Some general comments on your general comments:
--------

     Some general comments on your proposal:
     
     1) We certainly need most of the functionality you have suggested.

I am happy that someone else thinks so.
     
     2) I think it's premature to standardize on something like this for
     IEEE.  Proposals along these lines should certainly be considered for
     R5RS.

On the contrary, we need to standardize library issues as soon as
possible to keep divergence from preventing portability.  The IEEE
standard is a good place for this.  I really would rather see only
*language* issues in RnRS.  Most languages standardize too late--after
implementations have significantly diverged--and there is hell to pay as
each implementor tries to get *his* dialect as *the* standard (e.g.
ATLAS).  Currently, we have a portable language, but not portable code.
I believe that there is sufficient practical experience to have a
standard interface to common functionality and that the IEEE standard
needs such an interface to be viable. 

    
     Comments on individual issues:
     
     1) IMPLEMENTATION-INFORMATION:  I'd much rather see strings returned.
     They are unlikely to be used often, so the extra time spent in the
     comparison should not be important.  The analogous MIT Scheme
     procedure returns a vector of strings and numbers.
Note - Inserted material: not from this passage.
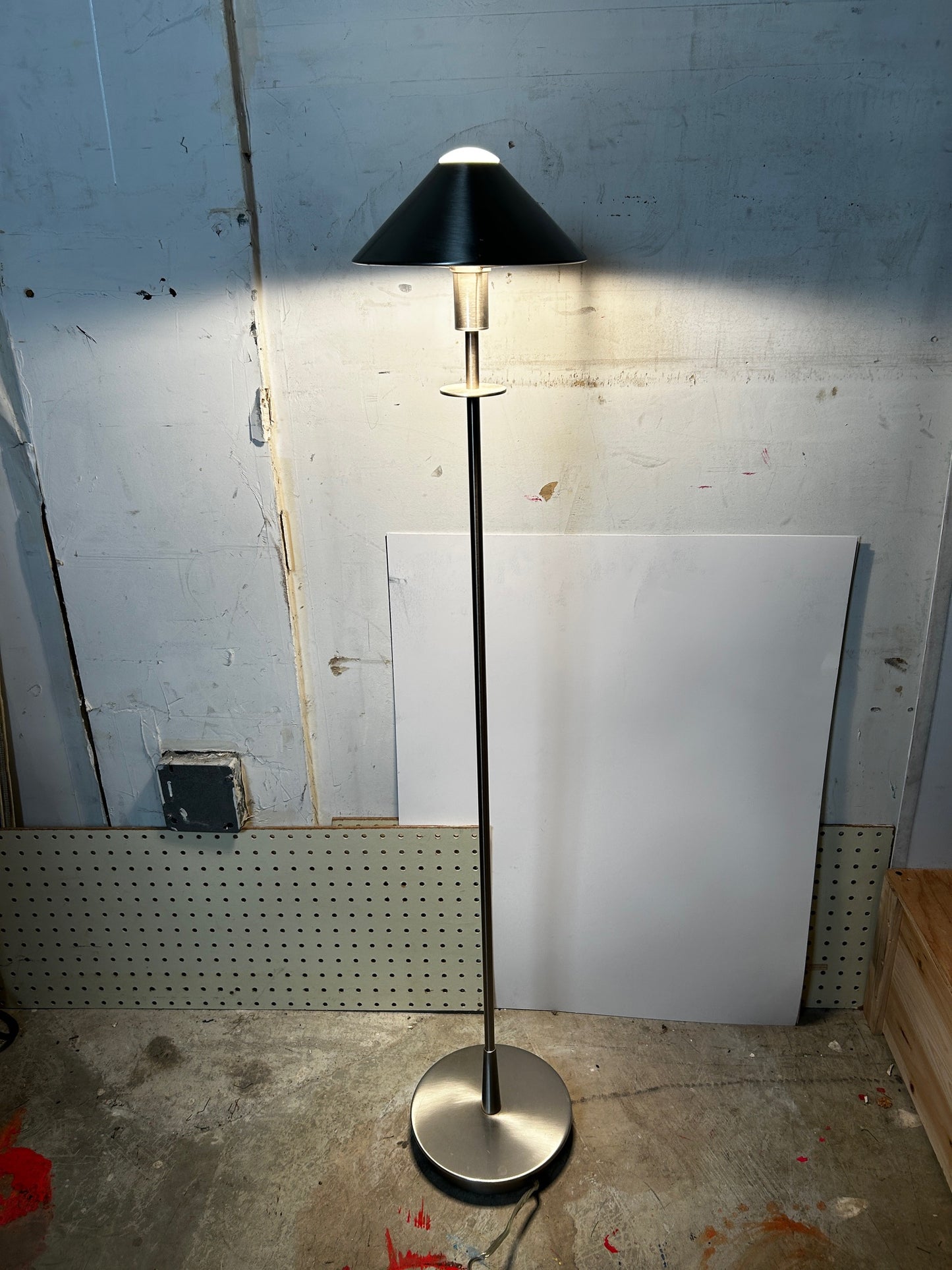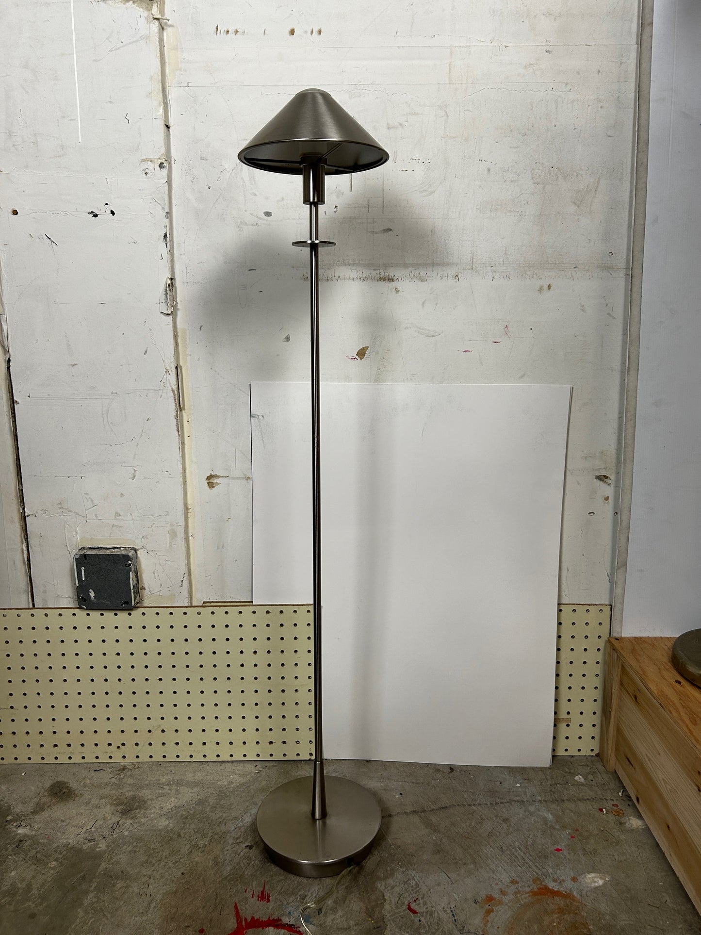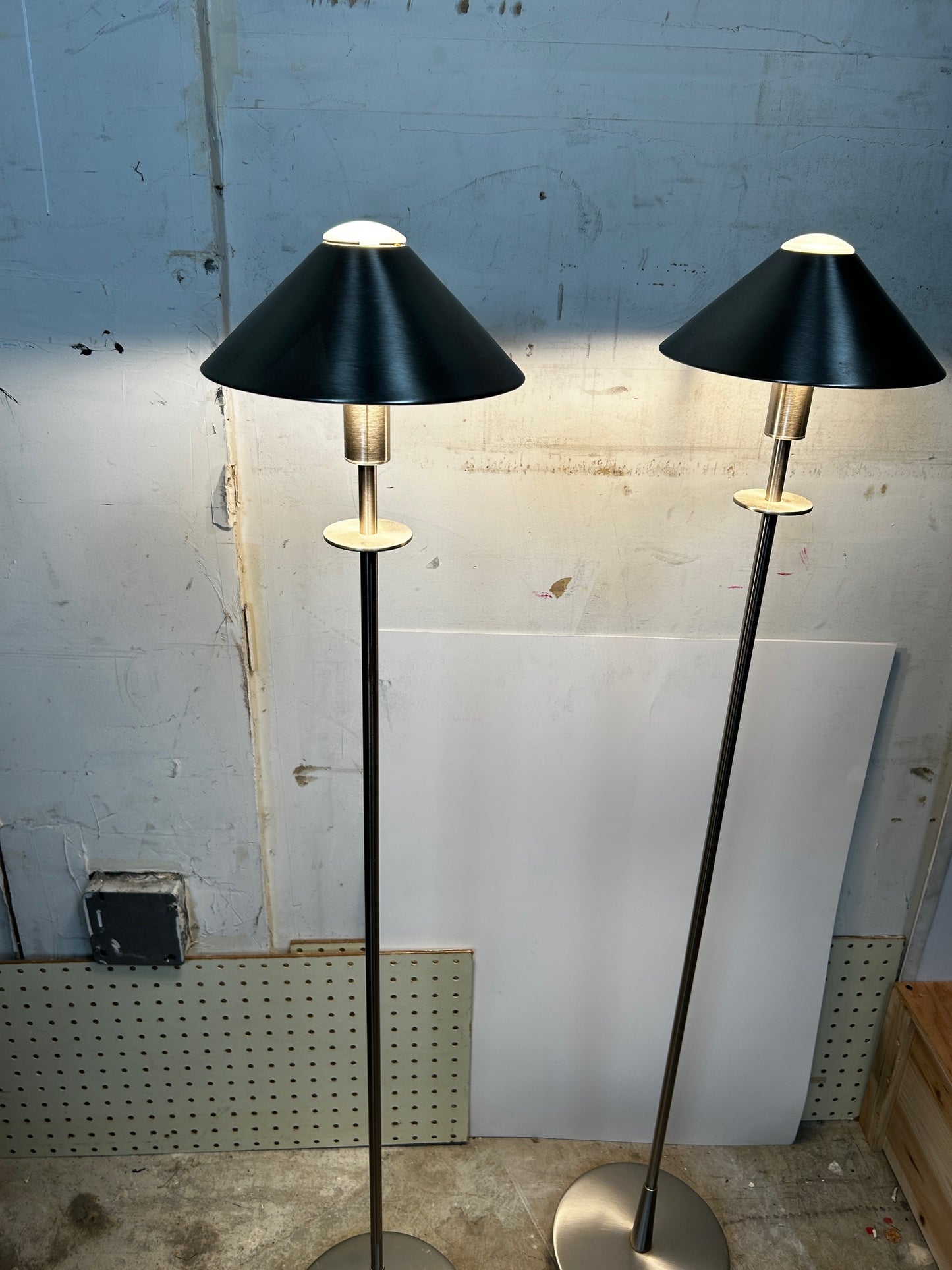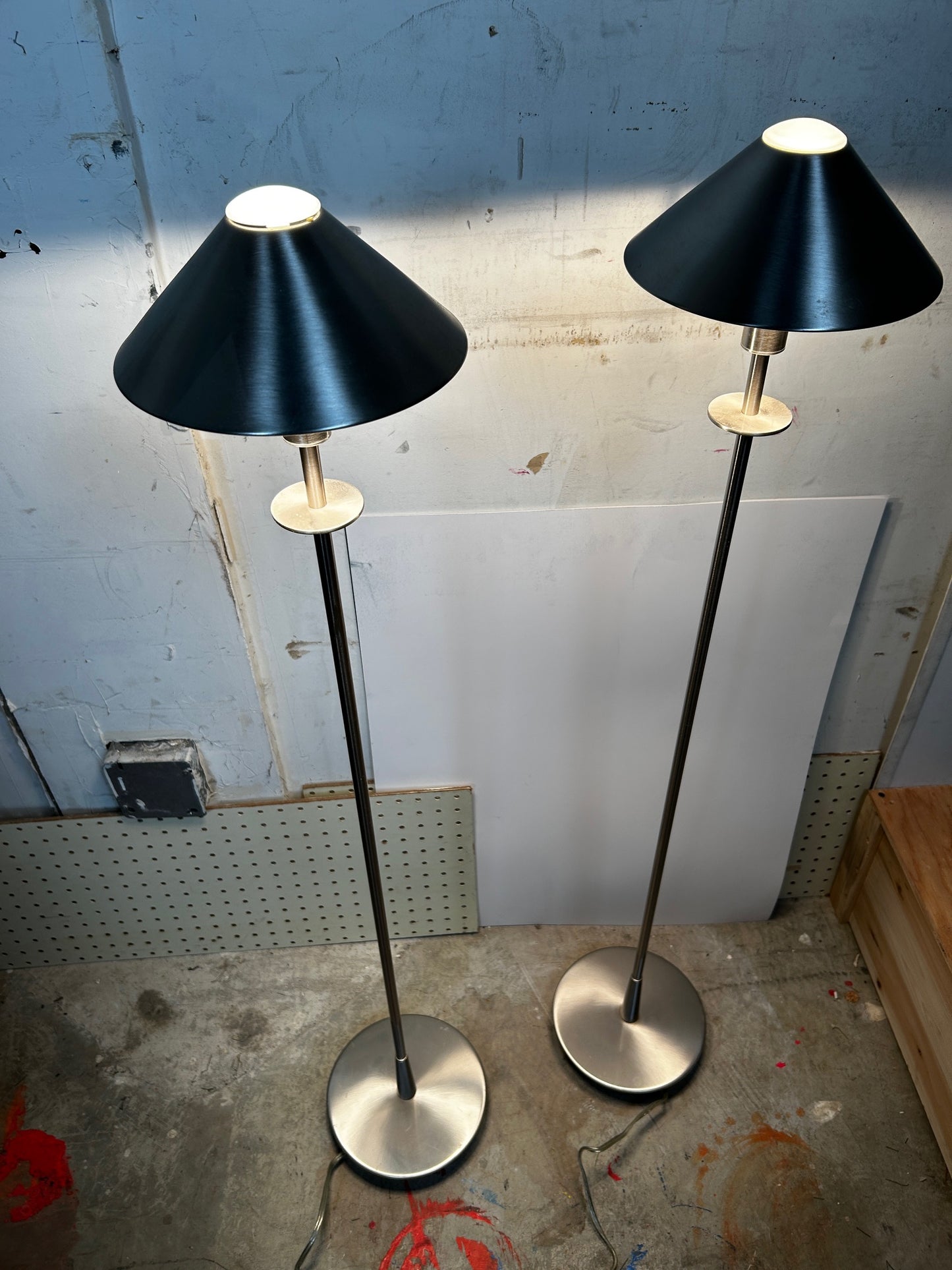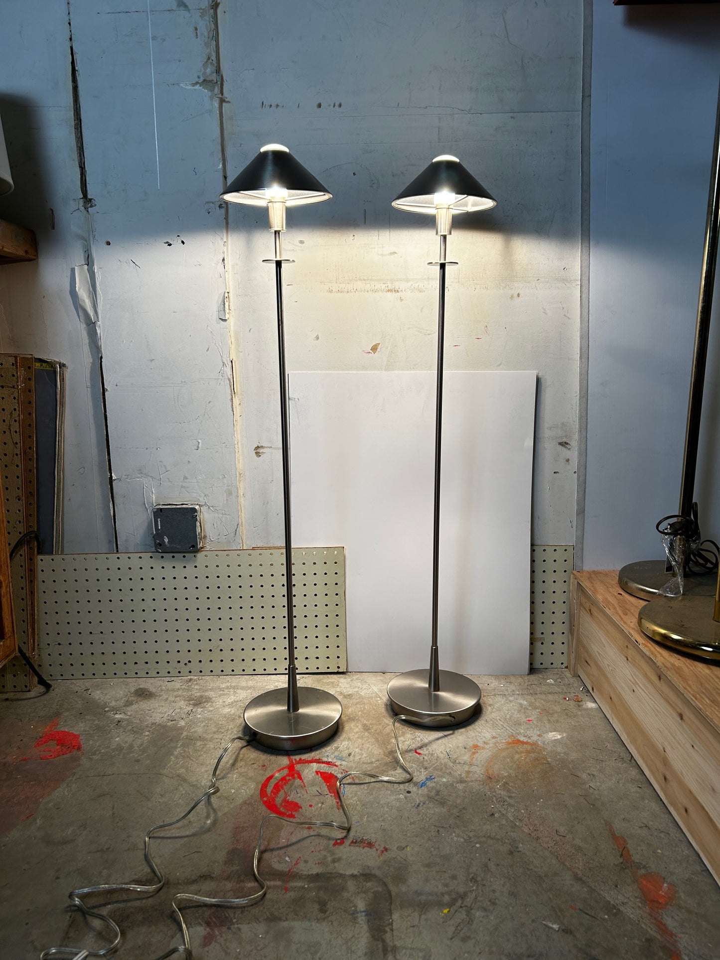 Holtkoetter pair of floor lamps w/ satin nickel base and a glass diffuser on top, halogen bulbs.

A vector is fine by me.  Strings and exact integers are fine by me.  Anyone?
     

     Why is SCHEME-IMPLEMENTATION needed, given IMPLEMENTATION-INFORMATION?

I am happy to flush this.

     
     2) FORMAT: I assume you mean the current OUTPUT port when <port> is #t,
     rather than the current INPUT port.  I don't mind FORMAT, but I think
     that Chris Hanson has some objections to it, which is why MIT Scheme
     has flip-flopped between having it and not.

Yes, I do mean OUTPUT port (I am sure typo's abound).  Given string
ports, FORMAT is easy to implement and very useful.  Chris?

     
     3) PRETTY-PRINT: I would like to extend it in the following way: If
     <sexp> is a procedure object rather than a Sexp, it's source code (or
     suitable substitute if compiled and source is not available) is
     printed instead.

Fine.

     
     4) RESET and FATAL-ERROR: I would propose a different, more powerful,
     procedure instead, on top of which both of these could easily be
     built.
     
     (ABORT-TO-NEAREST-REPL <thunk>)
     
     fetches a continuation created by the nearest repl (nearest in systems where
     there is more than one, like MIT Scheme, the top level one if there is
     only one) and executes <thunk> with this continuation.
     
     Thus
     
     (define (reset)
       (abort-to-nearest-repl (lambda () unspecific)))
     
     (define (fatal-error message . irritants)
       (abort-to-nearest-repl
        (lambda ()
          (for-each (lambda (unused-arg)
     		 (display #\space)
     		 (display obj))
     	       (apply format #t message irritants))
          (newline))))

How is the "nearest repl" known to the runtime system?  How does a
Scheme system recognize that a function is a (possibly user written)
repl?  I don't have a problem with implementing RESET or FATAL-ERROR
this way, but why standardize this function as a library routine?

     
     I have strong objections against having a procedure named FATAL-ERROR
     (or anything else with ERROR in it's name) which does not allow the
     option of fixing the bug and proceeding.
     
Perhaps I'm confused.  You don't want a FATAL ERROR to abort a
computation?  This might be a valuable behavior in a (possibly
parallel) multi-tasking search situation.  What would be the
difference between FATAL-ERROR and ERROR ?  The thing that I am trying
to clean up here is the confusion over CERROR vs ERROR as to when an
error is fatal and when recoverable.  `ERROR' is pretty common and
typing RECOVERABLE-ERROR gets a bit tedious. 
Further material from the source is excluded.